[AUTH] Implement Premium License Keys

[nullcount]

We want to allow access to premium features. Similar to the microservice for generating backup access tokens (see #11), there should be another service to generate and validate premium license keys.

My initial thoughts are to leverage ethereum addresses for this purpose. The central server maintains an Ether wallet. Using the xpub, we can generate unlimited unique addresses. This is a one-way function. The owner of a premium license has a unique ether address which they input in their node to unlock premium features.

I want to use ether addresses because I can imagine a future where the device users own does not even house their data, but rather it is a storj node and their data is hosted entirely on the tardigrade public cloud. In this model, each node will earn a share of STORJ tokens deposited to the ether address which is their premium key.

In this way we can easily calculate the earning from a particular node and use those earnings to allocate space for that node on the public cloud. This model allows users with good internet to potentially earn their data/storage usage rather than pay for it.

Even if we don't take it that far, using eth addresses should be easy and simple enough for this purpose.

[WillHHippo]

When you get a chance, let's break this down. This should be it's own project.

[nullcount]

The main Premium features are:

• Automatic Updates - new versions of the software can be installed with one click. Otherwise, you'll have to download and flash the newest IMG, or build the update yourself by pulling and installing it in command line.
• Public Cloud Backups - back up your entire HDD. Data is client-side encrypted, split into shards, and stored on PCs all over the world using the Tardigrade public cloud.
• Connect your node to one of our VPNs

Backups and VPN will have recurring costs. I don't think its sustainable to charge a 1-time fee for a license and provide unlimited access. Perhaps keys expire after a year or it's a month-to-month subscription.

I think a yearly license is easier to do, so for that we'll need an authentication server API that:

• Validates payment received
• Creates a new key with some expiration date
• Emails that key to the buyer
• Extends the expiration date of the key when new payment received
• Generates access tokens for tardigrade See #11 - the node will send a request for a new token passing their key as a param. With a valid, non-expired key, the endpoint returns a access token
• Generates access tokens for using the premium VPN service
• Revokes access tokens when the license expires
• Reinstates or generates new tokens when an expired license is renewed

Not sure if we can strictly enforce automatic updates to premium users only. Since any user can auto update with command line, they can just as easily write a script to update automatically for them or edit the code to enable the 1-cick update in the GUI.

It would be easy to bypass, but for normal users, a simple backend check if the license is valid before rendering the update button would work. So the API should also:

• Validate if a license is valid and how long until it expires

[nullcount]

This server can also host our drop-cloud.com (or whatever) webpage.

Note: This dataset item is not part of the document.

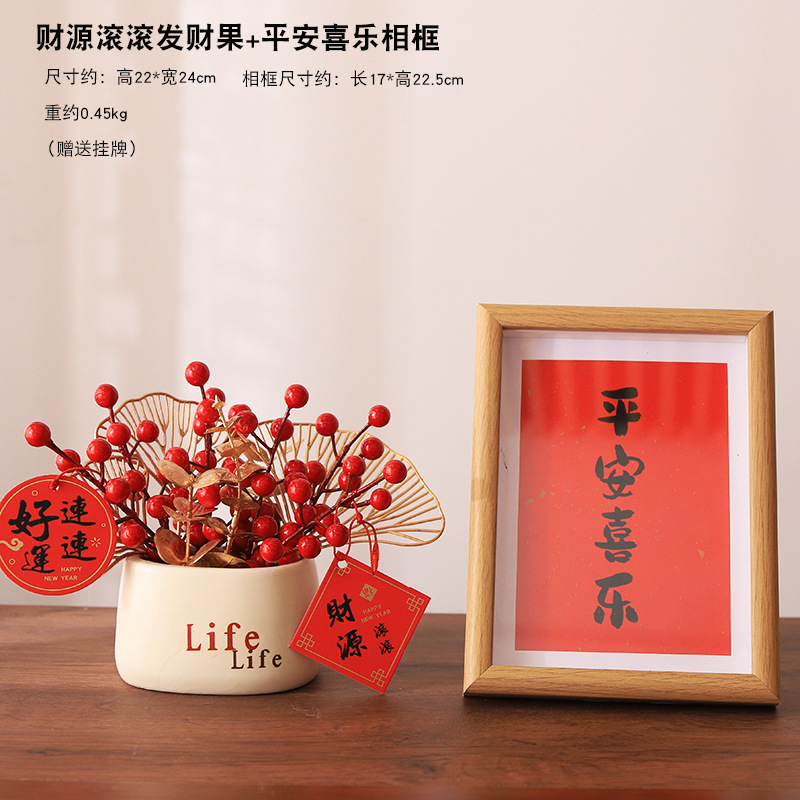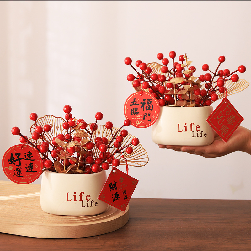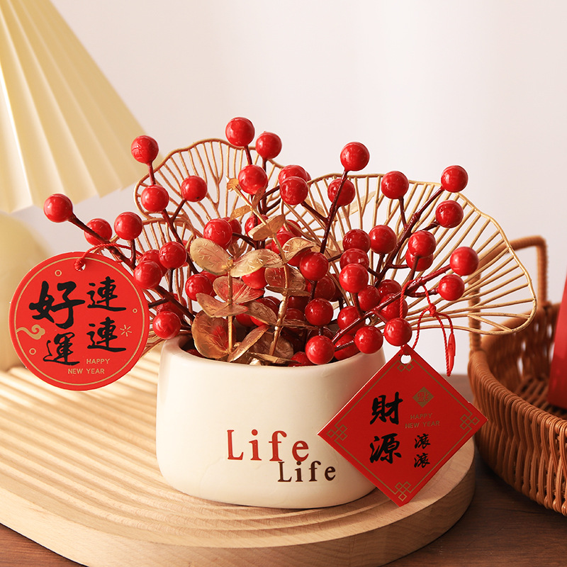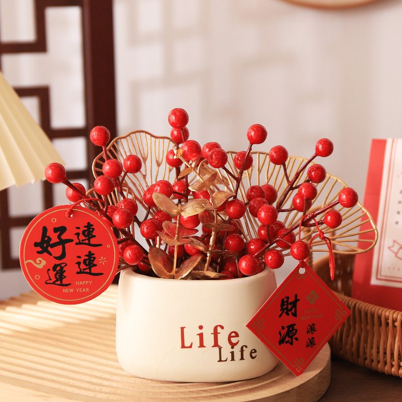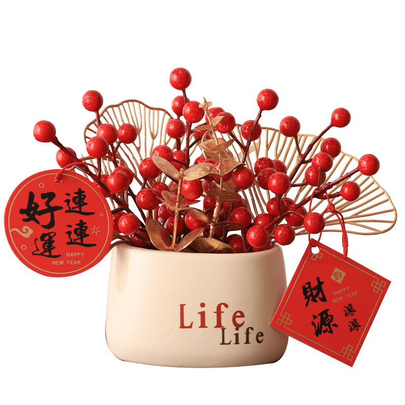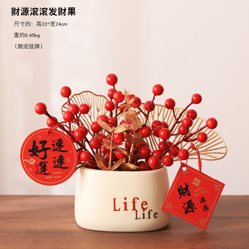 冬青发财果仿真花假花盆栽喜庆乔迁之喜开业大吉结婚装饰摆件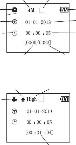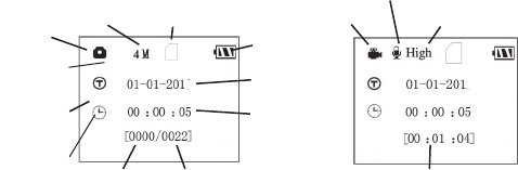 Photo mode (still camera icon), and the UP key can set the camera to Video

The marketing site where they learn about the product and download the image.

[nullcount]

Generating addresses is pretty easy. We can create an Ether wallet then export the xpub to use on the auth server. Using the xpub, we can generate unlimited addresses: https://ethereum.stackexchange.com/questions/61969/how-to-generate-address-from-xpub-in-js

The addresses will be the license keys. This way, the private key can be stored in cold storage to protect funds. The xpub will be stored on the server and needs to be protected since anyone with the xpub can generate license keys. Each premium node can use their license an address to send us money. This gives us options for creative funding models in the future AND gives us a pretty solid key generation scheme today.

[nullcount]

Moving this to the auth repo. Closing.